Now, researchers are democratizing the technology. In 2021, Alexandrov’s group described SpaceM, an open-source software tool that uses light microscopy imaging data to enable spatial metabolomic profiling of cultured cells using a standard commercial mass spectrometer11. “We kind of did the heavy lifting on the data-analysis part,” he says.
Alexandrov’s team has used SpaceM to profile hundreds of metabolites from tens of thousands of human and mouse cells, turning to standard single-cell transcriptomic methods to classify those cells into groups. Alexandrov says he is especially enthusiastic about this latter aspect and the idea of assembling ‘metabolomic atlases’ — analogous to those developed for transcriptomics — to accelerate progress in the field. “This is definitely the frontier, and will be a big enabler,” he says.
In vitro embryo models
The journey from fertilized ovum to fully formed embryo has been mapped in detail at the cellular level for mice and humans. But the molecular machinery driving the early stages of this process remains poorly understood. Now a flurry of activity in ‘embryoid’ models is helping to fill these knowledge gaps, giving researchers a clearer view of the vital early events that can determine the success or failure of fetal development.
Some of the most sophisticated models come from the lab of Magdalena Zernicka-Goetz, a developmental biologist at the California Institute of Technology in Pasadena and the University of Cambridge, UK. In 2022, she and her team demonstrated that they could generate implantation-stage mouse embryos entirely from embryonic stem (ES) cells12,13.
Like all pluripotent stem cells, ES cells can form any cell or tissue type — but they require close interaction with two types of extra-embryonic cell to complete normal embryonic development.

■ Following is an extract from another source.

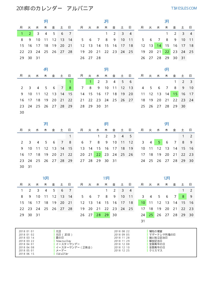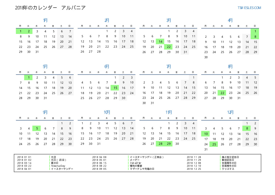 アルバニアの場合2018年カレンダー

The Zernicka-Goetz team learnt how to coax ES cells into forming these extra-embryonic cells, and showed that these could be co-cultured with ES cells to yield embryo models that mature to stages that were previously unattainable in vitro. “It’s as faithful as you can imagine an embryonic model,” says Zernicka-Goetz. “It develops a head and heart — and it’s beating.” Her team was able to use this model to reveal how alterations in individual genes can derail normal embryonic development12.

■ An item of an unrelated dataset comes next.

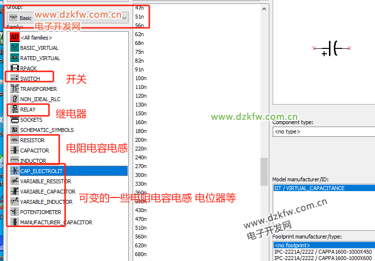 这些元器件图标点开,界面都是一样的,就是选型界面。

At the Guangzhou Institutes of Biomedicine and Health, Chinese Academy of Sciences, stem-cell biologist Miguel Esteban and colleagues are taking a different tack: reprogramming human stem cells to model the earliest stages of development.

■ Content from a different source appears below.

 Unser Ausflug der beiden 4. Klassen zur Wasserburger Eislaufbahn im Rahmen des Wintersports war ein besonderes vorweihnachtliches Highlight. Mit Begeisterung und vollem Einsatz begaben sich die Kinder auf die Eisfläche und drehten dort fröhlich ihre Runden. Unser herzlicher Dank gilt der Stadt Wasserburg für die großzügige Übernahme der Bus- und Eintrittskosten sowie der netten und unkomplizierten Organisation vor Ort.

“We started with the idea that actually it might even be possible to make zygotes,” Esteban says. The team didn’t quite achieve that, but they did identify a culture strategy that pushed these stem cells back to something resembling eight-cell human embryos14. This is a crucial developmental milestone, associated with a massive shift in gene expression that ultimately gives rise to distinct embryonic and extra-embryonic cell lineages.
Although imperfect, Esteban’s model exhibits key features of cells in natural eight-cell embryos, and has highlighted important differences between how human and mouse embryos initiate the transition to the eight-cell stage. “We saw that a transcription factor that is not even expressed in the mouse regulates the whole conversion,” says Esteban.
Collectively, these models can help researchers to map how just a few cells give rise to the staggering complexity of the vertebrate body.
Research on human embryos is restricted beyond 14 days of development in many countries, but there’s plenty that researchers can do within those constraints. Non-human primate models offer one possible alternative, Esteban says, and Zernicka-Goetz says that her mouse-embryo strategy can also generate human embryos that develop as far as day 12. “We still have lots of questions to ask within that stage that we are comfortable studying,” she says.